In November 2001, the footballing world was in shock when Wales manager Gary Speed was found to have committed suicide. Following a very successful playing career, and what appeared to be a dream job managing his national team, many could not fathom how someone who had everything on the surface, could take his own life. Unfortunately that is the nature of depression. Even close friends and family were unaware of Gary Speed’s demons – most suffering with the illness battle not only their condition, but the stigma that goes along with it.
There is an improving knowledge and acceptance of depression as a legitimate illness, however many still cannot relate to the condition and are unable to differentiate being seriously depressed with having a few off days.

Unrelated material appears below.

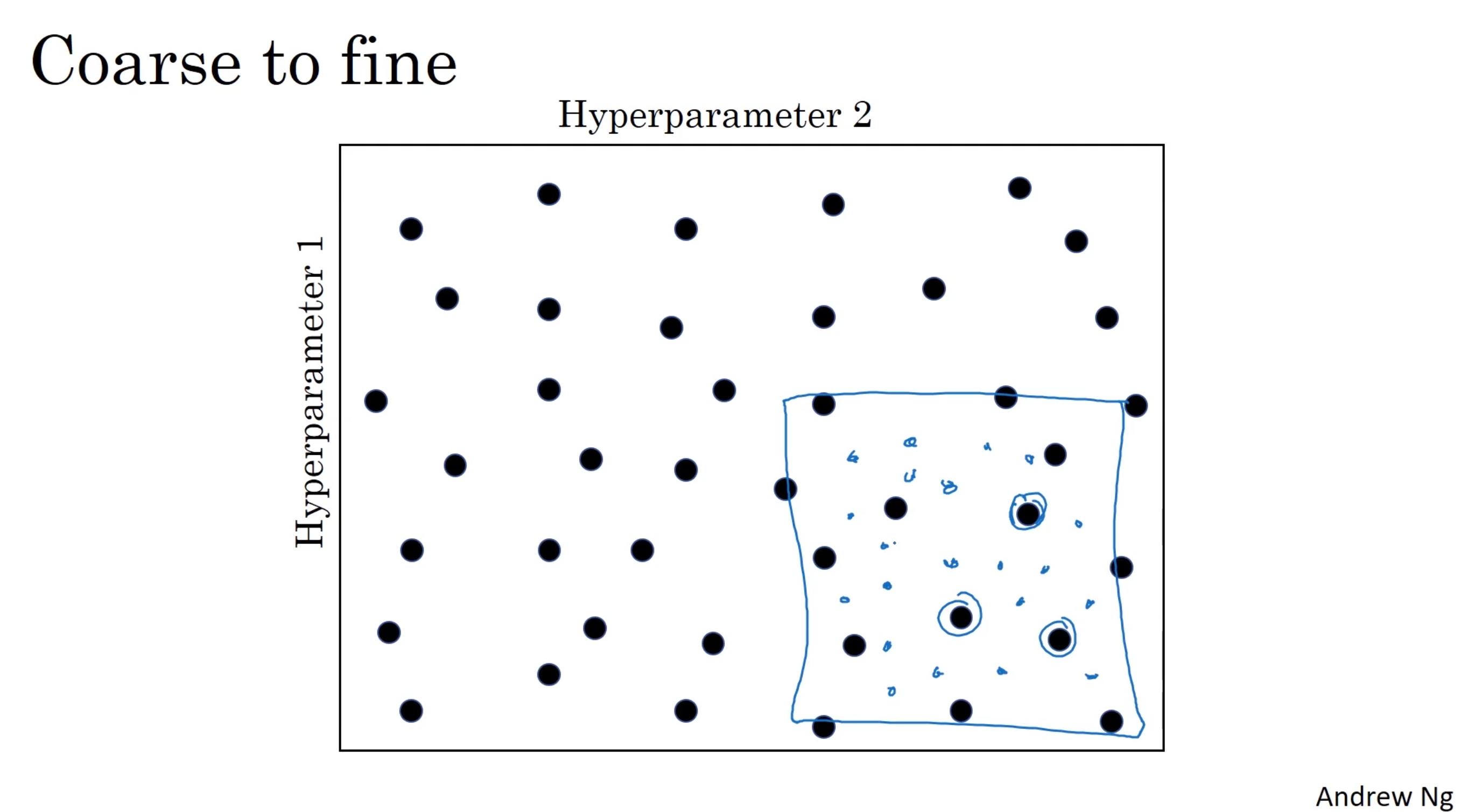 From Rough to Fine 또한 하이퍼파라미터를 탐색하는 방법중엔 Coarse to fine 과 같은 방법도 있다. 해당 방법은 우선 어떤 점에서 가장 결과값이 좋았다면 그 점 주변으로 가장 좋은 값이 있을 확률이 높기 때문에 그 점 주위만 다시 조밀하게 세분화 해서 값을 비교해 보는 방식을 취한다.

Here, we look at the different symptoms of depression and how it can affect individuals:
Continuous Low Mood
This is the obvious starting point. The most commonly associated symptom of being depressed is having a low mood, lack of interest in things and a lack of energy. When trying to identify if someone is depressed, this change in behaviour should be noted when there are not any obvious valid explanations, i.e. a death in the family, loss of a job, bad exam results etc.
Feeling Guilt Ridden & Anxious
People feeling depressed often show signs of anxiety and guilt and might seem on edge for no apparent reason. This is to do with the chemical imbalance in the brain. Other signs are irritability and a low tolerance levels for others.
At the worst stage, some people cannot see a way out and feel suicidal. The mental and physical symptoms of depression make them feel like nothing will improve and suicide is the only way to escape the torture of their current situation. As stated with Gary Speed, the stigma that has been attached to depression has stopped some people speaking out about their issues and then it is unfortunately too late.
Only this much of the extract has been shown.